» **TASK PROMPT**
Set down, word for word, every line of the material below from the one containing "O Governo da" through the one containing "Handcrafted, high quality", but none of its pictures.

[EXTRACTED ENTRIES — start]

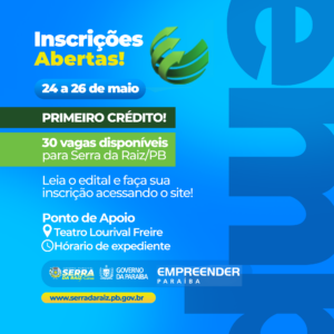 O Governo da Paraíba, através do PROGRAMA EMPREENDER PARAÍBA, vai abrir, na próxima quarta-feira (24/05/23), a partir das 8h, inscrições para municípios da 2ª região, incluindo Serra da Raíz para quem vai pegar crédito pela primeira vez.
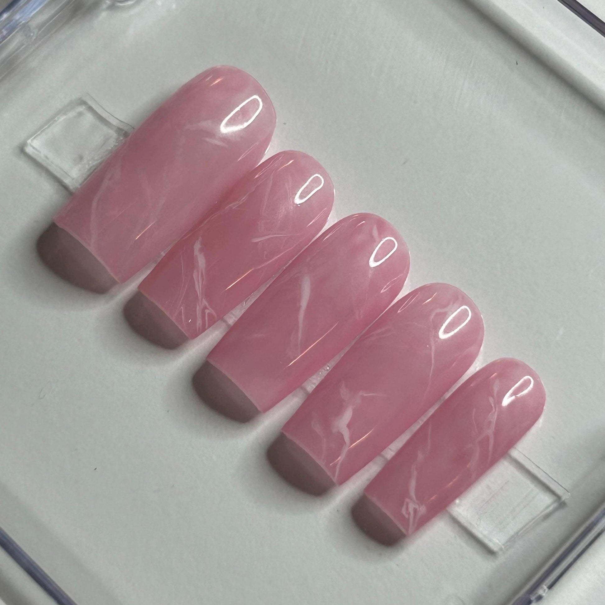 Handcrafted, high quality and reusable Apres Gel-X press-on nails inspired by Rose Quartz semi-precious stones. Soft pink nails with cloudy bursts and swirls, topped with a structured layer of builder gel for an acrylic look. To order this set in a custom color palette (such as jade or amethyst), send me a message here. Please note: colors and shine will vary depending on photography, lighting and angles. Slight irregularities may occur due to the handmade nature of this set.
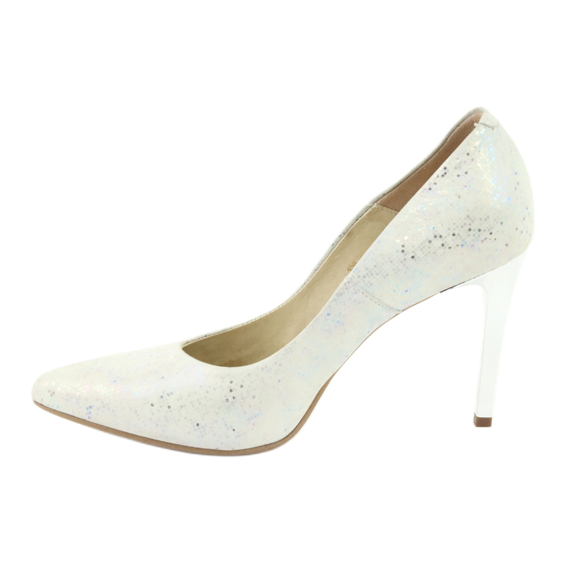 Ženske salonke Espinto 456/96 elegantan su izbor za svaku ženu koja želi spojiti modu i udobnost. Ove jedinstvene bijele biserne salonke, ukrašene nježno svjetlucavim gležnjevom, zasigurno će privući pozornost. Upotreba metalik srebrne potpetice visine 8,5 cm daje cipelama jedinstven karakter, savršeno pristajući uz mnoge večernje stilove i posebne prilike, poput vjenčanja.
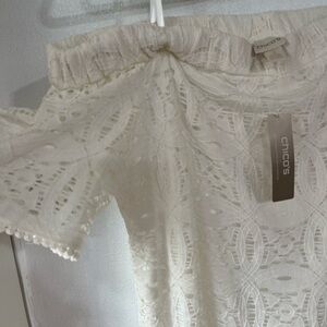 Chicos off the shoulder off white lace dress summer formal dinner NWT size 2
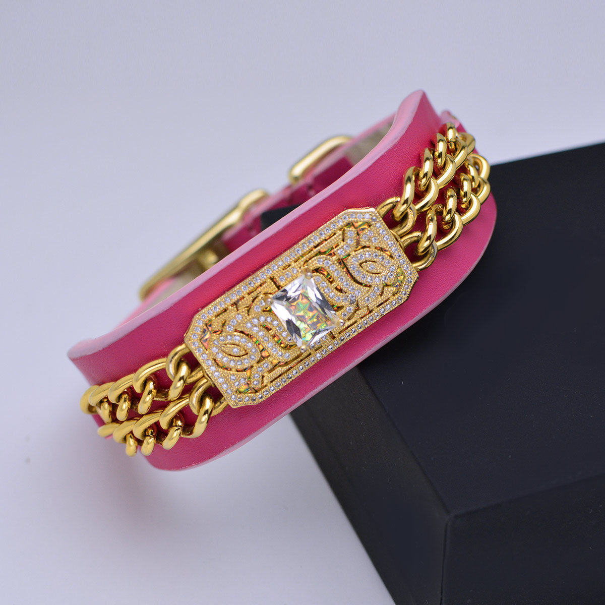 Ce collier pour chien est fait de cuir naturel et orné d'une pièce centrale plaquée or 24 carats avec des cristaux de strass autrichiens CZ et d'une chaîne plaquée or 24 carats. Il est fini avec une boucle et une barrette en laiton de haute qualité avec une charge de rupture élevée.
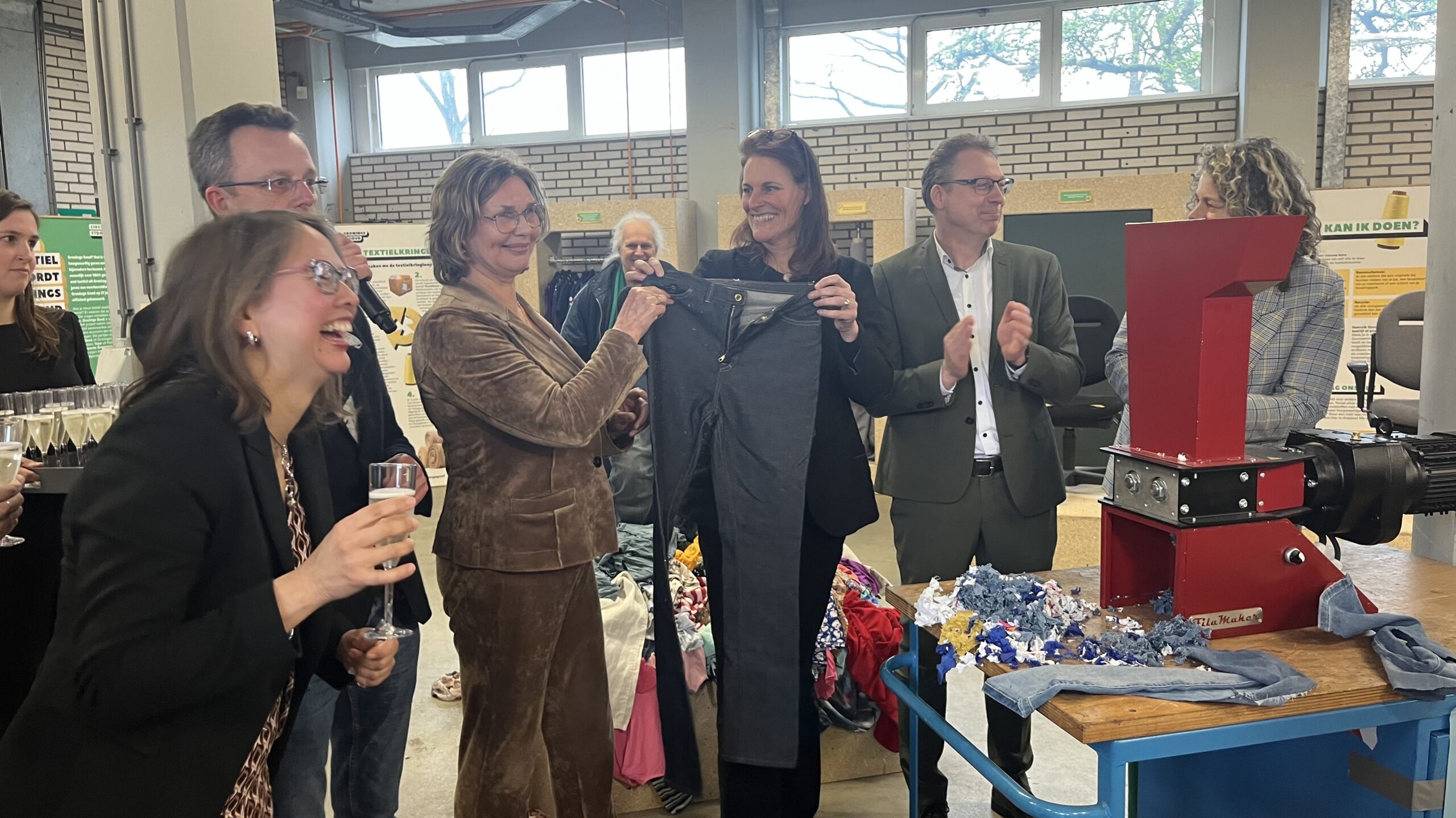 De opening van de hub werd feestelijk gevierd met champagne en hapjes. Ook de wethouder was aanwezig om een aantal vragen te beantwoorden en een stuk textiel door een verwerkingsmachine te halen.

[EXTRACTED ENTRIES — finish]
[EXTRACTED ENTRIES — start]

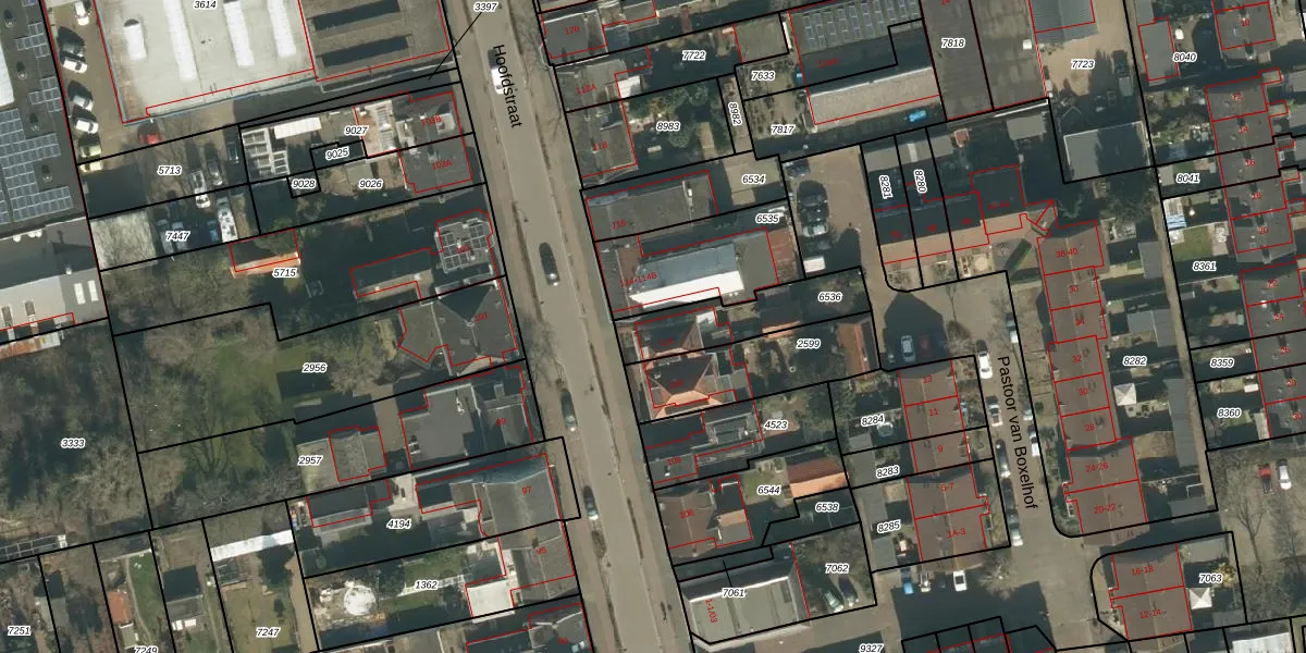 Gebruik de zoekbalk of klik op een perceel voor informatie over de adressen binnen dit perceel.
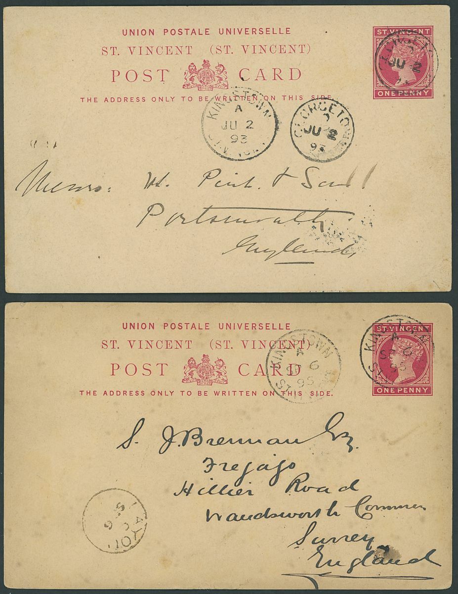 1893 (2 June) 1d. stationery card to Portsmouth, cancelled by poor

[EXTRACTED ENTRIES — finish]

» **OUTPUT OF THE TASK**
 O Governo da Paraíba, através do PROGRAMA EMPREENDER PARAÍBA, vai abrir, na próxima quarta-feira (24/05/23), a partir das 8h, inscrições para municípios da 2ª região, incluindo Serra da Raíz para quem vai pegar crédito pela primeira vez.
 Handcrafted, high quality and reusable Apres Gel-X press-on nails inspired by Rose Quartz semi-precious stones. Soft pink nails with cloudy bursts and swirls, topped with a structured layer of builder gel for an acrylic look. To order this set in a custom color palette (such as jade or amethyst), send me a message here. Please note: colors and shine will vary depending on photography, lighting and angles. Slight irregularities may occur due to the handmade nature of this set.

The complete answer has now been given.